The Biden administration last month began laying the groundwork for a misguided plan that threatens to misallocate vast amounts of capital, encumber natural resources, and destroy rural economies by removing land from productive use in the name of solving climate change.

On Sept. 27, the New York Stock Exchange quietly submitted a substantial and financially material proposed change to its rules. The proposal would allow the formation of a new type of company. Natural Asset Companies, or NACs, would purchase the rights to control public and private lands, such as parks, forests and farms. But a NAC wouldn’t be able to put the land to economic use.

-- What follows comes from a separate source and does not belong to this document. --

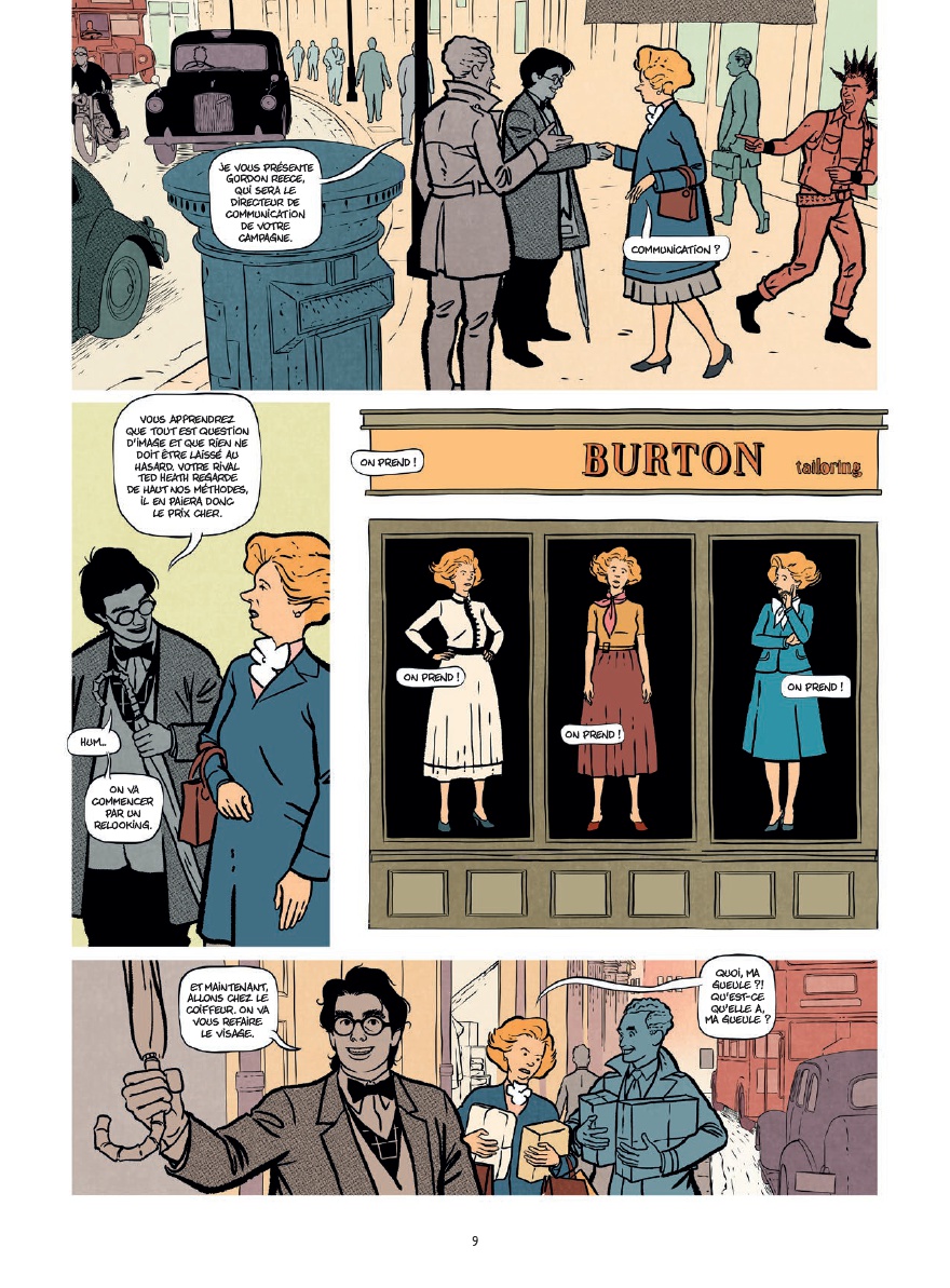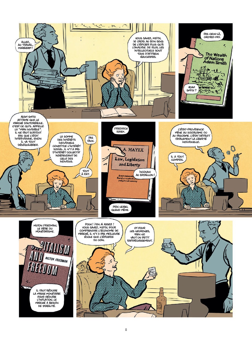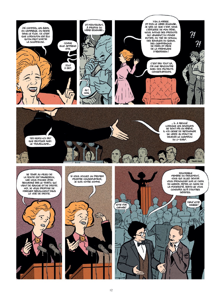 Après s'être attaqué à Ronald Reagan dans Le Crétin qui a gagné la guerre froide, Jean-Yves Le Naour poursuit son exploration des grandes figures du libéralisme triomphant des années 80 en consacrant cette fois un album à Margaret Thatcher. Et là encore, il le fait avec ce ton très particulier, à mi-chemin entre le biopic historique sérieux et la satire politique complètement acide. L'album retrace son ascension, de fille d'épicier (comme elle aime le rappeler sans arrêt) à Première ministre britannique, puis déroule les grands marqueurs du thatchérisme : dérégulation, réduction de l'État, privatisations, casse des syndicats, guerre des Malouines et proximité idéologique avec Reagan. Le Naour adopte un ton caustique où le loufoque et un humour souvent cynique se mélangent constamment à la réalité historique, ce qui donne une mise en scène drôle sans sacrifier le fond politique. C'est le genre de BD qui se lit facilement tout en donnant envie de creuser ensuite certains événements ou décisions évoqués. Graphiquement, Emilio Van der Zuiden propose une ligne claire assez élégante et très lisible, avec une mise en scène échevelée qui colle bien à ce ton mi-figue mi-raisin : suffisamment légère pour accompagner la dimension humoristique, mais assez sobre pour ne pas désamorcer la gravité du fond. Ce qui fonctionne bien, c'est la manière dont Margaret Thatcher est représentée de façon volontairement ambivalente, tant sur le plan graphique que narratif : tantôt comme une cruche aux idées profondément odieuses, parfois presque grotesque dans sa rigidité idéologique, tantôt comme une stratège politique redoutablement machiavélique, capable de manipuler ses conseillers, ses ministres et son image médiatique pour rester au pouvoir malgré la haine d'une grande partie de la population. L'album rappelle aussi à quel point ses politiques ont broyé une partie des classes populaires britanniques, notamment les mineurs et les bastions ouvriers, en assumant une brutalité sociale qui explique pourquoi tant de Britanniques l'ont haïe. Le récit évoque d'ailleurs en filigrane l'Angleterre punk de la même époque, celle qui voyait en elle une incarnation détestable du pouvoir et la désignait comme une figure à combattre. Sans développer énormément cet aspect culturel, on ressent bien cette période où une partie de la jeunesse percevait le thatchérisme comme quelque chose de profondément violent, teinté de dérives autoritaires voire fascisantes. Une BD politique très orientée idéologiquement, clairement, mais qui assume totalement son point de vue et qui réussit surtout à être à la fois instructive et amusante.

Instead, it would preserve its acquisitions to maximize the value of the land’s “ecological services.”

NACs would register to go public on the NYSE. The money raised would purchase land and effectively lock it away from human impact. Grazing, energy extraction and other economically critical activities would disappear on NAC-protected land. Farmland used to feed the nation and world would go back to natural landscape, erasing human activity. The resulting conversion of investor money into unusable wildlands has the potential to be one of the most significant misallocations of capital in history.

Normally, corporations are formed for investors to make money. But since NACs are clearly noneconomic, a rule is required to allow their formation. The land placed in a NAC, a private entity, must support only “replenishable” activities. Since no economic activity can occur, the property is assigned an arbitrary value and traded on that basis. In any other situation, this proposal would be identified as sanctioning fraud.--oaks

And so the unelected Left's war against productivity inches along in always innovative ways toward its grim, hungry, and cold utopia.